Я подошел и молча взял из рук отца бумажку с адресом Мэтью.
В квартире в Верхнем Вест-Сайде, где предстояло пройти «окончательную коррекцию», меня встретил молодой человек, на вид чуть старше меня. Футболка и свободные брюки на завязке едва скрывали его худобу, а жидкая борода на впалых щеках росла клочками.
В комнате почти не было мебели — только тонкий коврик на полу и расшатанный стул. Немного света проникало сквозь бамбуковые жалюзи с крапинками, выглядевшие так, будто их привезли из Чайнатауна.
— Привет, Джон. Мне рассказали немного о тебе. Твой отец пожаловался на то, что ты эмоционально закрыт. Говорит, имеется определенное искривление. Согласен с таким диагнозом? — спросил он.
Неужели отец таким странным образом описал меня незнакомому человеку? Я был одновременно ошеломлен и озадачен, не желая ни в чем уступать (независимо от того, насколько точными были слова отца).
— Ну, таково его мнение, — пожал я плечами. — Возможно, он в чем-то прав — я не уверен. Так же, как и не уверен, что хочу находиться здесь.

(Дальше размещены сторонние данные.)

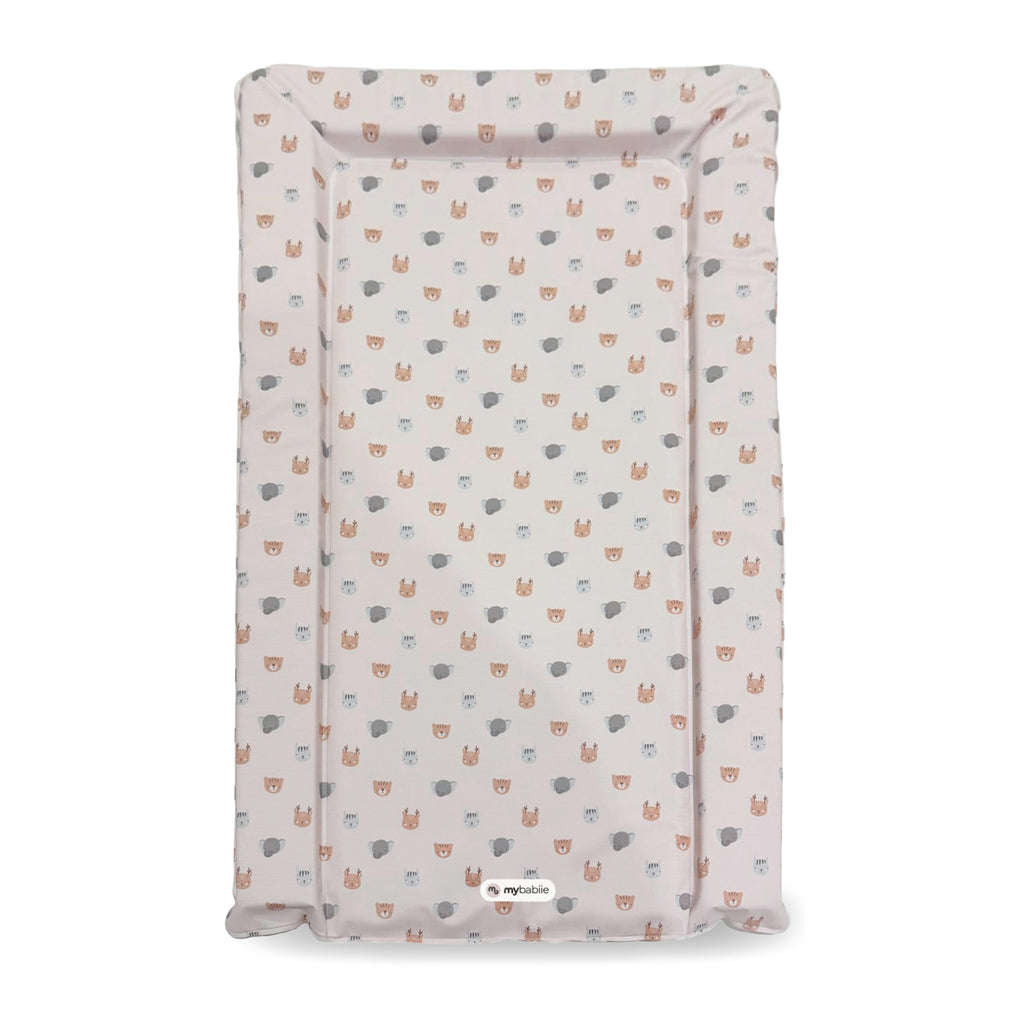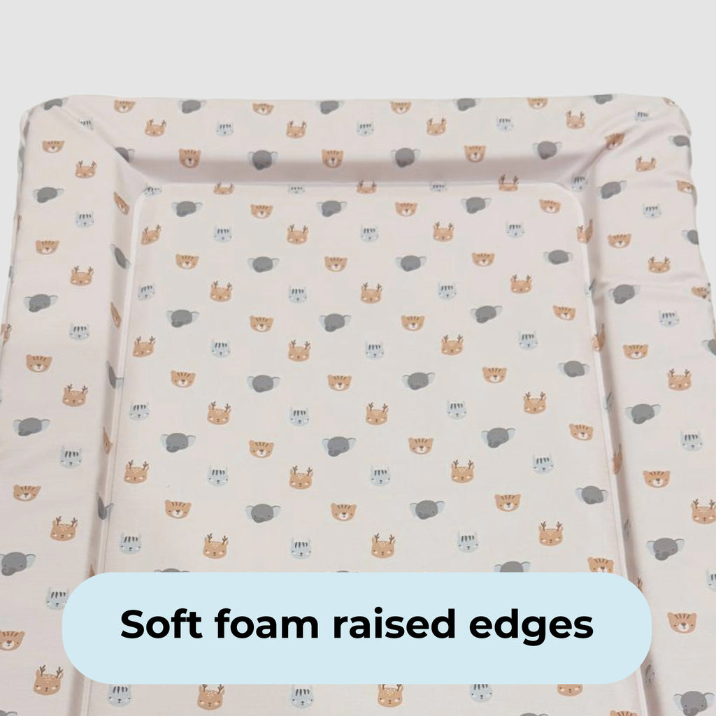 This cute animal print changing mat is soft, comfortable and stylish. This padded changing mat has raised sides and is suitable from birth. Made with non-toxic PVC this changing mat is easy to wipe clean and the stylish, eye catching safari design will brighten up any nursery!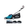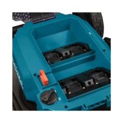 The Makita DLM532 36V LXT Brushless Lawn Mower Bare Unit. This is powered by two 18V LXT Li-ion batteries to give you a 36V power machine. Recommended for lawns up to 1,900m², this is an ideal lawn mower for landscapers, groundskeepers and professional gardeners. The self-propelled function can be switched on or off. The lawn mower although powered by two 18V batteries, it is equipped with four battery ports. A manual switch allows you to select which pair of batteries to use, reducing down time when waiting to recharge and switch over batteries. The mower is designed for a robust long service life and has a a steel cutting deck and built-in ball bearings on axles for added durability.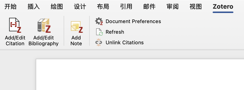 5.2 在Word中启用Zotero插件 本节介绍确认Zotero的Word插件已成功启用的方法。 通常情况下,安装Zotero桌面端时会自动安装对应的Word插件。 打开Microsoft Word。 检查是否存在Zotero选项卡或工具栏。 若可见Zotero相关按钮, 则插件已成功启用。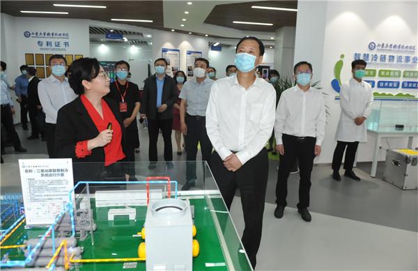 孫堯一行首先來到山東商院商貿(mào)流通服務基地,學校相關負責人匯報了校企對接、讓老師和學生“把論文寫在山東大地上”的故事。聽取該校“科研+教研+服務”一體化教學模式以及所產(chǎn)生的成果匯報后,孫堯表示贊許。
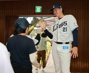 西武・武内 所沢の小学校訪問 ストラックアウトでプロ技披露
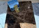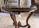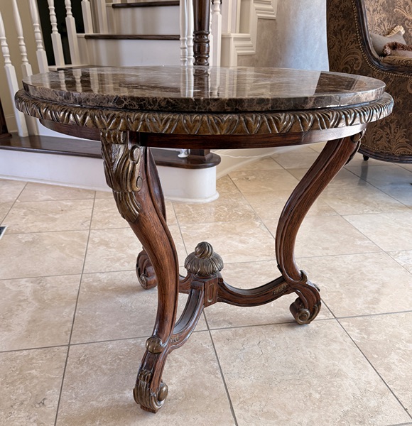 (2) Wood and marble matching end tables round 30" diameter, 28"H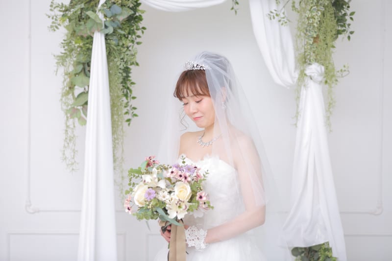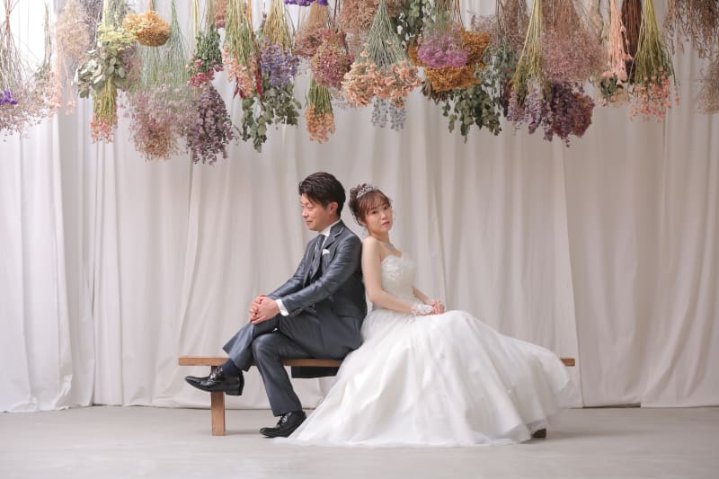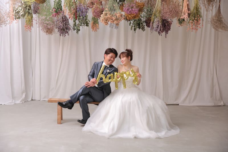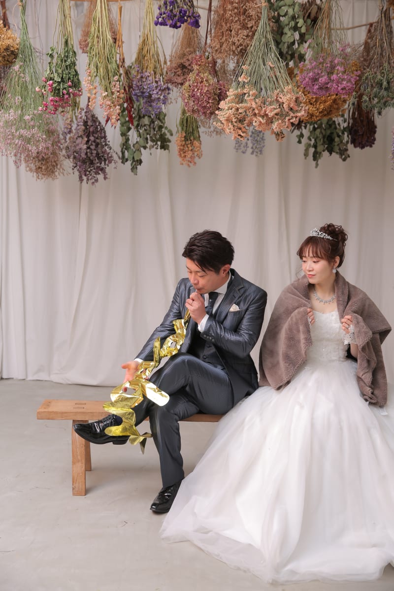 ウェディングドレスからカラードレスにチェンジして色々可愛いポーズ撮影して

— Если не считаешь, что рольфинг поможет, то мы можем и не начинать, — обиженно отозвался Мэтью. — Но даже при беглом взгляде могу сказать, что твое тело явно разбалансировано. Левая рука немного длиннее правой, и это наводит на мысль, что твое плечо зажато мышцами и плохо движется в суставе. Ладно, давай посмотрим, что можно сделать. Раздевайся до трусов, — добавил он.
Я начал раздеваться в замедленном темпе, как будто сотрудничая и сопротивляясь одновременно. Мэтью начал с мягкого растирания моих плеч и рук, нежно потягивая и прощупывая мышцы. На мгновение я расслабился, но через несколько секунд понял, почему папа использовал определение «радикальный». Мэтью вдруг так глубоко погрузил свой локоть в мою подмышку, что я, вздрогнув, подумал, что сейчас грохнусь в обморок от боли или меня вырвет. Схватив мою челюсть снизу обеими руками и потянув ее вверх, Мэтью поставил ногу на плечо, которое, по его словам, «было зажато». Показалось, что я даже услышал треск, прозвучавший точно так же, как треск моей ноги на горнолыжном склоне. Все мое тело инстинктивно напряглось. Мгновение спустя я освободился и вскочил на ноги.

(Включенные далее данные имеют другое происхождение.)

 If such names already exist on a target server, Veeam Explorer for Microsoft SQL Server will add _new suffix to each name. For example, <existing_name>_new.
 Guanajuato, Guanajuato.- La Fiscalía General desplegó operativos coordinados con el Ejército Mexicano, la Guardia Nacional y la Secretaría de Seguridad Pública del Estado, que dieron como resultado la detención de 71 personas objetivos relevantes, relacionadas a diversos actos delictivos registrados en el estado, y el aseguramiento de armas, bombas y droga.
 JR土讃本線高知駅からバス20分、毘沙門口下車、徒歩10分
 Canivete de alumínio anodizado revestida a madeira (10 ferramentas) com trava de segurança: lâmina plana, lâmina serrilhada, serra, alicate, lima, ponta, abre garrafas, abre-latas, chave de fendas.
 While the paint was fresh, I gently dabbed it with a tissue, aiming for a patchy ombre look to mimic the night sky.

— Какого черта ты со мной делаешь?
— Да успокойся, успокойся. Это то, чем я уже давно занимаюсь: называется «вмешательство». Совершенно очевидно, что тебе сейчас оно крайне необходимо. Разве твой отец не объяснил все подробно? Без боли не случится облегчения, мой друг. И тут ничего не поделаешь, так что ложись обратно на коврик. Увидишь, будешь чувствовать себя намного лучше, когда закончу. Думаю, основная проблема заключена в твоей шее. Поэтому и хочу сосредоточиться именно на ней.
Я отказался смотреть в его сторону, сделав вид, что его больше нет в комнате. В гневе, будто размывшем жалюзи, стул, индийские рисунки на стене и тощую фигуру передо мной, я, как мог, начал быстро напяливать свою одежду.

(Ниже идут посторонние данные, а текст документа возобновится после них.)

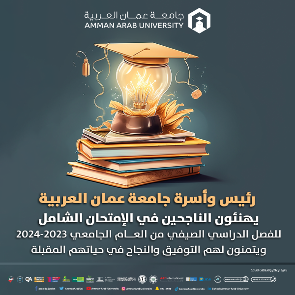 • رئيس وأسرة جامعة عمان العربية يهنئون الناجحين في الامتحان الشامل

— Ты совсем не даешь мне шанса, — обиделся Мэтью.
Дрожащими руками я завязал кроссовки и застегнул ремень.
— Ну вот и хорошо, — парировал я со всей яростью, на какую только был способен.
Выходя, я так сильно хлопнул дверью, что было похоже на взрыв. А спускаясь с лестницы, перепрыгивал через три ступеньки за раз, как будто бы в меня выстрелили из пушки. Я чувствовал себя свободным, выпутавшимся из опасной передряги… и неподвластным гравитации!
Когда вышел на тротуар, яркое солнце окатило меня теплом. Я чувствовал себя счастливым и гордым оттого, что дал отпор этому последнему нападению. Теперь все обвинители и критики превратились в неразличимую и незначительную массу.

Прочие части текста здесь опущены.